Days after Puerto Rico was hit by an island-wide power outage during the latest outage of a perpetually troubled electrical grid, nearly half a million customers were left in the dark early on Friday.
Power was slowly restored, but more than 440,000 customers still had no electricity, out of a total of more than 1.4 million customers, according to poweroutage.us, which tracks power outages.
For Puerto Rico’s 3.2 million residents, the island-wide power outage was a frustrating continuation of the hardships caused by an unreliable electrical grid. The problems have persisted even after a private Canadian-American consortium, Luma, took over power transmission and distribution from Puerto Rico’s public utility company last June with a pledge to reduce the frequency of power outages.

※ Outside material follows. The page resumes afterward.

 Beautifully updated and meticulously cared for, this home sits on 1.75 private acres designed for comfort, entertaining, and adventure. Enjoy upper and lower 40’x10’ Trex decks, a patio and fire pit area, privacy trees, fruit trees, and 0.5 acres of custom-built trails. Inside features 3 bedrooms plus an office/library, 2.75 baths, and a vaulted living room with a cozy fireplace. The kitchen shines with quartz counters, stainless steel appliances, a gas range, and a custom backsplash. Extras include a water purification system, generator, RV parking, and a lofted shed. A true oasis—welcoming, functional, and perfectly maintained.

Luma said in an announcement on Thursday that “the energy grid has suffered a massive outage across the island, possibly caused by a faulty circuit breaker at the Costa Sur power plant.” The facility produces most of the electricity on the island.

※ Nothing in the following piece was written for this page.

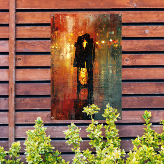 Gepassioneerde Omhelzing in de Regenachtige Nacht tuinposter

Video footage circulating on social media showed a fire at one of the power plants in Costa Sur, on the island’s southeast coast. The exact cause of the power outage, which happened after 8 p.m. Eastern time Wednesday, is still under investigation, Luma said in a statement on Thursday. The company said there was “major damage” to the facility.
The Puerto Rico Electric Power Authority, known as PREPA, tweeted an image of the charred substation on Thursday, showing some components completely black.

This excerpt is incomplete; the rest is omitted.